Scrolling

Scrolling

[skrohl]
In computer graphics, movies, television, and other kinetic displays, scrolling is sliding text, images or video across a monitor or display. "Scrolling", as such, does not change the layout of the text or pictures, or but incrementally moves (pans or tilts) the user's view across what is apparently a larger image that is not wholly seen. A common special effect is to scroll credits, while leaving the background stationary. Smooth scrolling is a feature to reduce what the viewer would perceive as "jumps" (discontinuous movement) in the display. The computational effort of moving images and video smoothly is high, therefore successful smooth scrolling in text is most common. Frame rate is speed at which an entire image is redisplayed. It is related to scrolling, in that changes to text and image position can only happen as often as the image can be redisplayed. When frame rate is a limiting factor, one smooth scrolling technique is to blur images during movement that would otherwise appear to "jump".

Computing

Scrolling is often done on a computer by the CPU or a graphics card. In a WIMP-style graphical user interface, scrolling is done with the help of a scrollbar or using keyboard shortcuts, often the arrow keys. Scrolling is often a key feature in text user interfaces and command line interfaces, though some older computer terminals used a paging mode instead, akin to flipping through a series of pages in a book, usually using the PgUp/PgDn keys or the space bar. computer mice may also have a scroll wheel, which scrolls text vertically when rolled. (Macintoshs have scroll balls that scroll in any direction.) Software such as Adobe Reader can also be scrolled with the hand tool. In this case, the document is dragged and moved around like a piece of paper.

Other PC mouse scrolling is available, although function varies widely between software applications. Some scroll wheels can be pressed down, functioning like a button. Depending on the software, this allows scrolling in both the horizontal and vertical directions by dragging in the direction desired; when the mouse is moved to the original position, scrolling stops. A few scroll wheels can also be tilted, scrolling horizontally in one direction until released.

If any content is too wide to fit on a display, horizontal scrolling is required to view all of it. In applications like graphics and spreadsheets, the content often has a 2D structure, and horizontal scrolling can be useful and necessary.

One-dimensional content

Plain text is essentially linear, it does not have a 2D structure.

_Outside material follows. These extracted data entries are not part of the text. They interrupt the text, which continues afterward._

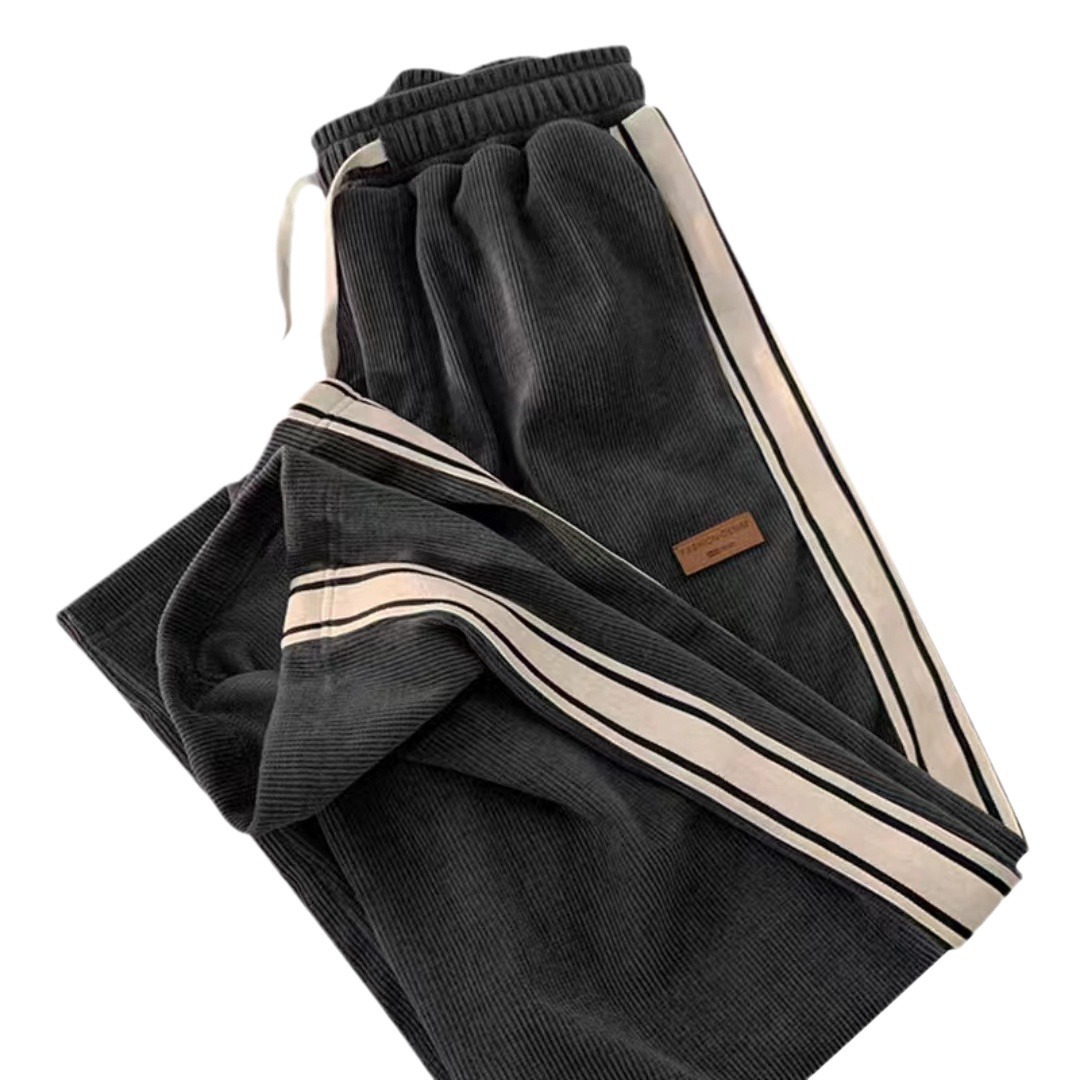 灯芯绒裤子女春秋青少年宽松直筒阔腿裤潮流女生运动休闲长裤高街
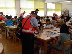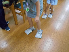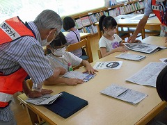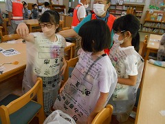 今日は、3年生があま市防災ネットの方をお招きし、防災学習をしました。2時間目から1クラスずつ図書室で行いました。7名の方にお越しいただき、班に一人ずつ付いて、丁寧にやさしく教えていただきました。最初に新聞紙を使って、避難用のスリッパを作りました。次にごみ袋をはさみで切って、簡易な雨合羽をつくりました。最後にけがをした際の応急処置をサランラップと簡単なそえぎ用の段ボール紙で2人1組になって学習しました。
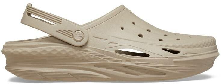 Crocs Off Grid Clog férfi papucs Teljesen új szerű kialakítást kapott ez a férfi papucs, ami olyan, mintha egy Classic clogot összegyútak volna egy Echo papuccsal.  Enyhén laposított, sportos kialakítású papucs, ami trendi talpakat kapott az oldalán nagyobb, új formájú elvezető-nyílásokkal. Rendelkezik az alapmodell minden jó tulajdonságával és a jellegzetes, Jibbitzekkel díszíthető szellőző nyílásaival.  Felhajtható sarokpántja biztosan tartja a lábakat,  így a szabadban is magabiztos járást tesz lehetővé, míg a továbbfejlesztett talp pedig a jobb tapadást biztosít.  Tartós és rugalmas CrosLite alapanyaga kis súlyt, az Iconic Crocs Comfort technológia pedig hagyományos Crocs kényelmet nyújt otthon, a szabadban vagy a strandon.  Belső talpán körkörös irányban végigfutó masszírozó bütykök fokozzák a vérkeringést, harántemelő boltíve pedig egész napos kényelmet biztosít.  Az ergonomikus talpágy és saroktámasz elvezeti a lépés során kialakult energiákat, csökkenti az ízületek terhelését.   Croslite alapanyag tulajdonságai: szabadalmaztatott technológia pehelykönnyű felveszi a láb alakját ellenáll a kellemetlen szagoknak, könnyen fertőtleníthető nem hagy anyagnyomot a padlón
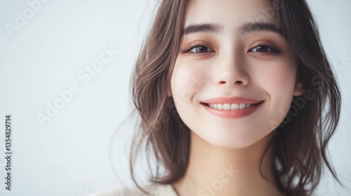 Smiling Young Woman Portrait with Clean Skin and Natural Light Look
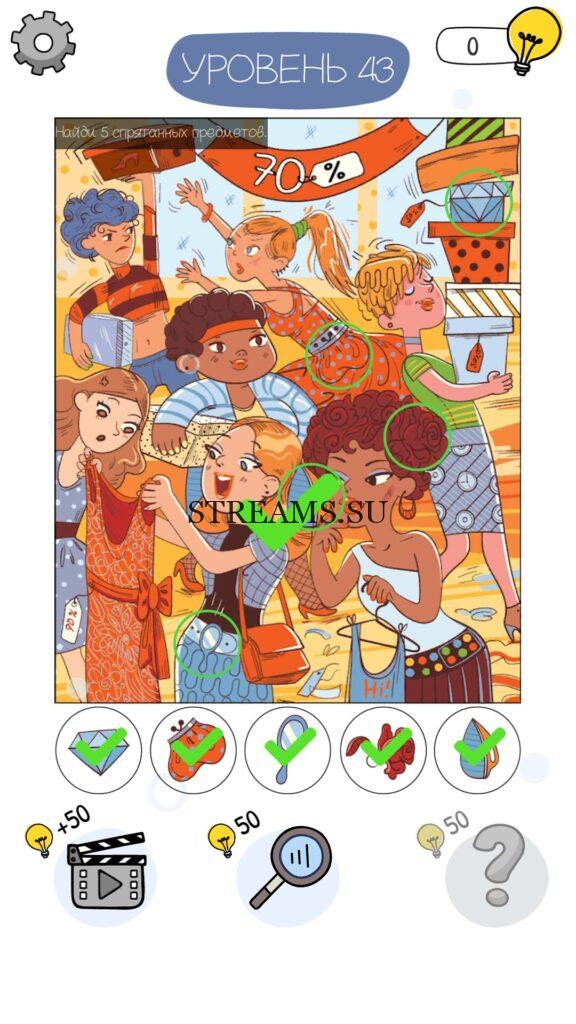 Найди 5 спрятанных предметов. Уровень 43 — Who is? Головоломки и загадки — это уникальная головоломка, с которой не соскучишься! Если вам понравились такие игры как Brain Test и вторая её часть, то вам придется по вкусу и эта игра. С помощью подсказок, которые нам предстоит найти, нужно проходить уровень за уровнем. С каждым уровнем сложность отгадки будет расти. Поэтому приготовьтесь попотеть, чтобы пройти все уровни. Преимущества этой игры в том, что она работает без интернета! Если у вас не получается пройти один из уровней, то не отчаивайтесь. Вы всегда сможете найти ответы к игре Who is? на нашем замечательном сайте!

For text in most scripts (with line-by-line ordering of characters on horizontal lines, as opposed to vertical writing), horizontal scrolling is much more inconvenient than vertical scrolling, because when reading the text in order, back-and-forth scrolling is needed for every line, as opposed to vertical scrolling, which is needed only after reading a whole window or column of text.

A web browser normally places as many words in a single line as will fit the width of the browser window. Special HTML-code may instruct the browser to divide the window into columns, in which case it places as many words in a single line as will fit the width of the column.

Demos

Scrolling texts, also referred to as scrolltexts or scrollers, were an integral feature of the majority of the demos written for home computers in the 1980s. They were particularly important in crack intros programmed by software crackers, where they were used to convey messages between groups involved in the activity.

Many scrollers were plain horizontal scrollers, but demo coders also paid a lot of attention in finding new and different types of scrolling. The characters could, for example, continuously alter their shape, take unusual flying paths or incorporate color effects such as raster bars.

Movies

One of the most famous scrolling texts in movies is the Star Wars opening crawl. The text appears at the bottom of the screen and slowly moves upwards and into the distance as the audience reads it.

Television

Scrolling is commonly used to display the credits at the end of television shows.

Scrolling is also used in television news when a news ticker is employed, scrolling news stories horizontally across the bottom of the screen.

Video games

In computer and video games, scrolling of a playing field allows the player to control an object in a large contiguous area. Super Bug pioneered this method. Parallax scrolling, which was first featured in Moon Patrol, involves several semi-transparent layers, which scroll on top of each other at varying rates in order to give the illusion of depth.

A previously much used alternative to video game scrolling is the flip-screen method.